:: Records provided ::
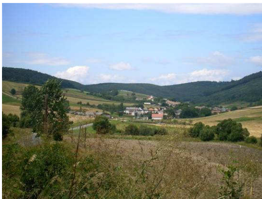
Kisbárkány hegyek ölelésében
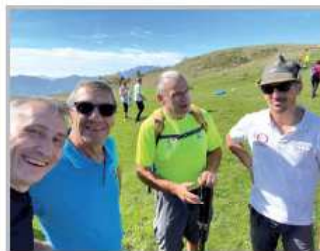
Natura Senza Barriere. Una Montagna per tutti
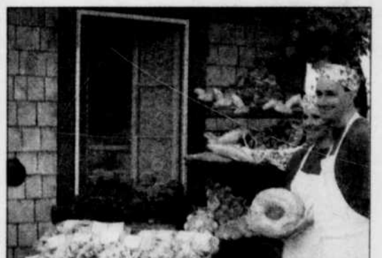
Christiane Côté et Pierre Duchesne: des pains pour toutes les bouches.

Vous avez un penchant pour les activités excitantes!
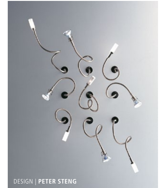
DESIGN | PETER STENG

TOPFLEX LED 12 V | 410 Lm | 7,5 W | 2700 K | CRI 95 Inklusive dimmbarer SORAA Premium Retro-Fit LED Includes a dimmable SORAA Premium Retro-Fit LED
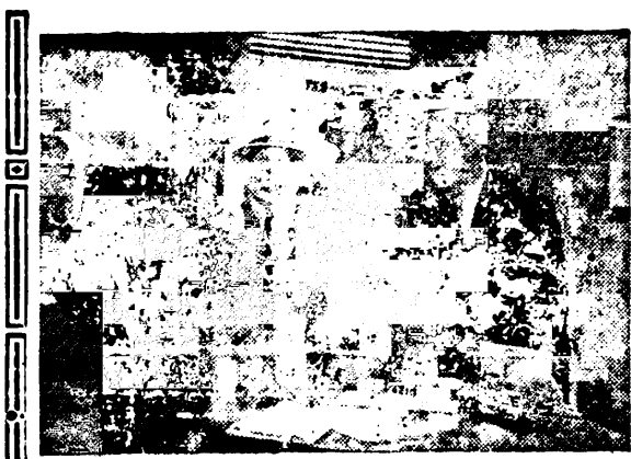
Una interesante escena de la película en español EL ULTIMO ENCUENTRO, que se estrenará HOY
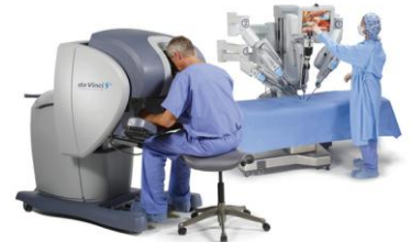
(例) 第2先進医療技術 前立腺がんに対する内視鏡手術支援ロボット
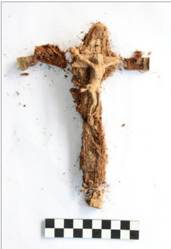
Sl. 5 PN 622 – Ukopni križ izrađen kombinacijom drva i bronce
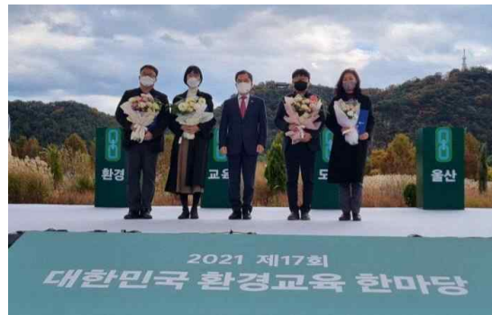
&lt; 대한민국 환경교육 한마당 &gt;
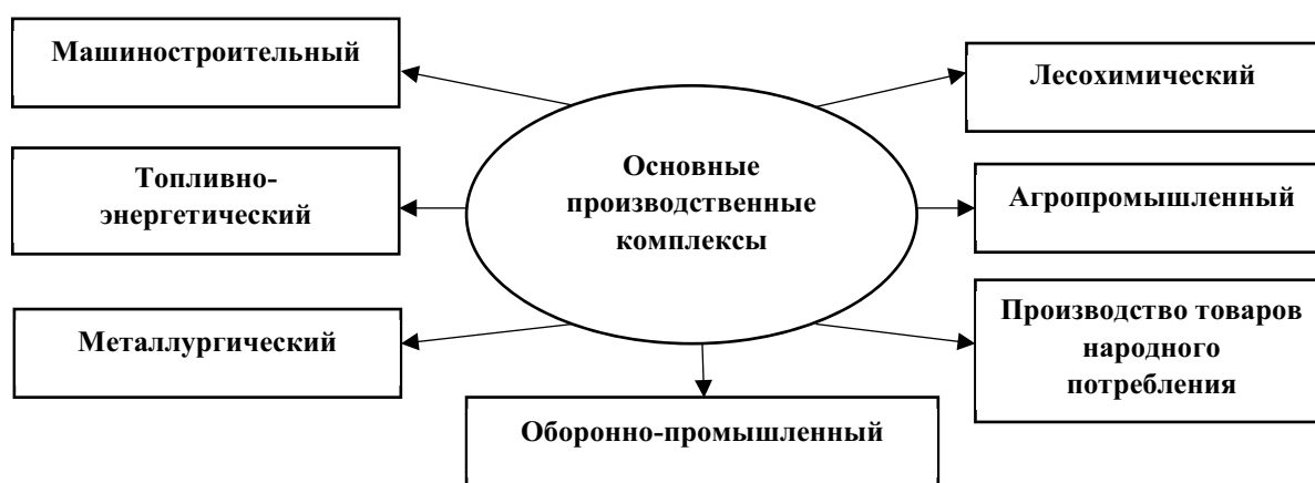
Рис. 3. Основные производственные комплексы
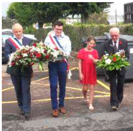
Dépôt de gerbes devant la stèle Rue du Régiment Maisonneuve
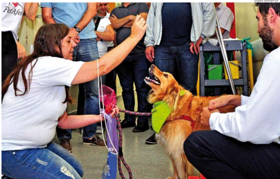
Estudos apontam efeito calmante e antidepressivo entre benefícios da iniciativa

Estudos apontam o efeito calmante e antidepressivo, o estímulo à integração social e a elevação da autoestima do paciente como alguns benefícios da Pet Terapia. Redução da pressão sanguínea e cardíaca, melhoria do sistema imunológico e do bem-estar geral também

:: Task ::
Reproduce the complete set of records verbatim and omit the pictures.

:: Solution for this task ::
Kisbárkány hegyek ölelésében
Natura Senza Barriere. Una Montagna per tutti
Christiane Côté et Pierre Duchesne: des pains pour toutes les bouches.

Vous avez un penchant pour les activités excitantes!
DESIGN | PETER STENG

TOPFLEX LED 12 V | 410 Lm | 7,5 W | 2700 K | CRI 95 Inklusive dimmbarer SORAA Premium Retro-Fit LED Includes a dimmable SORAA Premium Retro-Fit LED
Una interesante escena de la película en español EL ULTIMO ENCUENTRO, que se estrenará HOY
(例) 第2先進医療技術 前立腺がんに対する内視鏡手術支援ロボット
Sl. 5 PN 622 – Ukopni križ izrađen kombinacijom drva i bronce
&lt; 대한민국 환경교육 한마당 &gt;
Рис. 3. Основные производственные комплексы
Dépôt de gerbes devant la stèle Rue du Régiment Maisonneuve
Estudos apontam efeito calmante e antidepressivo entre benefícios da iniciativa

Estudos apontam o efeito calmante e antidepressivo, o estímulo à integração social e a elevação da autoestima do paciente como alguns benefícios da Pet Terapia. Redução da pressão sanguínea e cardíaca, melhoria do sistema imunológico e do bem-estar geral também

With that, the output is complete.